「在るものは、それが在るものであるために、何ひとつ永遠に失われることはないだろう。生成は、或るとき在るもの自身の内部に生じた小さな亀裂から始まった、在るもの自身への無限の回帰であろう」
池田晶子 考える人 P.107
ユダヤ教の中の魔術的な思考体系、という風な感じで漠然と捉えていたが、もちろんいろいろな流派?があるのだろうが、思っていたものとは少し違う印象であった。
2つほどある。ユダヤ教の中にあるのだから、当然人格神を信じるものかと思うと、そうではないようだ。”カバラーとは信仰の体系ではなく、一種の認識体系である”。認識=グノーシス。
人格神ではなく、力に神名を付ける。
その目的は、神人合一であり、自らの神性の自覚(=グノーシス)である。具体的には自分が神の似姿である生命の木そのものになること。
前にグノーシスにつき本を読み考えたことがあった。仏教における仏性と似た思想であると思った。自らが神である、仏である、少なくともその一部である、と”自覚する”。それが自らと神を厳格に峻別する教会キリスト教から異端とされた理由だと理解している。それはそうであろう、神を対象として祈るのと、自らがその一部である、とするのは一般的にはまったく違う行為となるであろうし、現実に行なう行為が全く変わってくるであろうから。
そしてカバラーはそうしたグノーシスの思想を受け継ぎ、具体的なノウハウ、自らの精神に対する技術としてひそかに密儀として伝えられて来たものであるようだ。
そしてその技術は意外なほど科学的だ。生命の木のシートを使い、さまざまな要素を明確化し、把握し、常に意識する。これは現代のビジネス書でよくみる”願望達成のために目標を書き出す”というのと同じであり、また”結果をあたかも現実のように微に入り細にわたり想像するとこで、現実と想像の差異を認識できない潜在意識にしみこませることによって、将来像に対し現在欠けている要素を逆照射し、そのことに意識を集中させ、それに対応できる機会を常に窺わせ、”そしてそれが実現できなかったとしても、準備が足りなかったから、と自らを納得させる。
チャクラに類した精神集中技術(中央の柱)を行い、”神と合一”する精神状態を訴求するが、”そこから無事かえってくることが魔術のキモである”。
これは魔術という名をもった、精神技術であり、座禅や精神統一と同じ体系であるという印象である。

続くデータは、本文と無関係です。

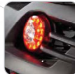
New rear LED light
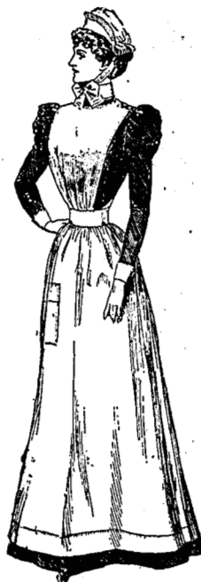
The "Rena" Apron. Made of linen finished Cloth lock-stitch throughout, 2/6 each. In two sizes, 36 in. & 39 in. from waist to hem.
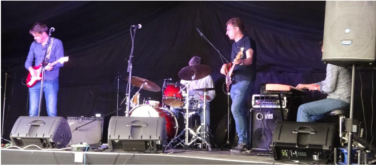
Five Field Holler http://www.fivefieldholler.co.uk/

On the Car Park Stage ' Five Field Holler ' gave a solid performance of funky blues.
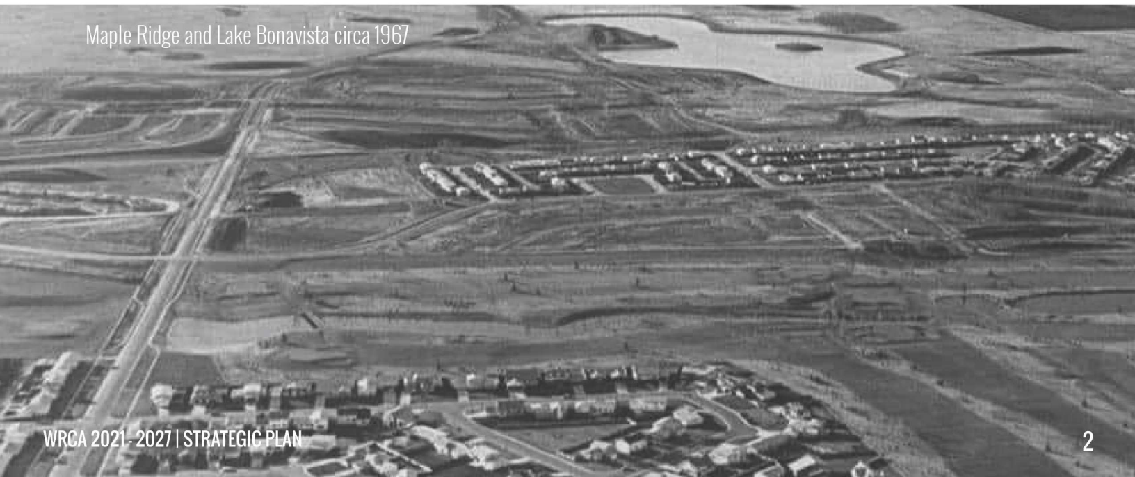
Maple Ridge and Lake Bonavista circa 1967

1 Based on the City of Calgary’s 2016 census and projections for Maple Ridge and Willow Park.

ただ、力に神の名をつける為、人格神を当たり前のものとする宗教に育った人間は、どうしても人格的な悪魔や神にアクセスする技術として感じてしまうことから、異端とされ、それを避けるために密儀として隠し、伝える人間を限定してきたのであろう。
そのように感じた。
人が”科学的”と言う時には、”自ら考えず、人が考えた(=証明した)とされる事実を鵜呑みにするときの言葉である場合が多い。たしかにそうした事実があるのかもしれない。しかしそれは自分の中で実感されているか。それについて把握し、自らのなかでどのように納得するのか。
万物は水である、とタレースは言った。水かどうかはともかく”万物は”と考えることが思考のなかでの大きな転機であったと池田さんは説いた。お化けは不可解でもなんでもない、いま自分がここにあり、生きていることの不思議さに比べたら。
そんな風にもおっしゃっていた。
魔術、ということばは、それが本質的に持つ深さ、人を納得させる力を感じ恐れた、それとば別の体系を持つ思想側が、人をそこに行かせないために使った方便としての賤称である、といえるのではないか。その本質が訴求するPOINTは意外にも明確である。
そんな風に感じた。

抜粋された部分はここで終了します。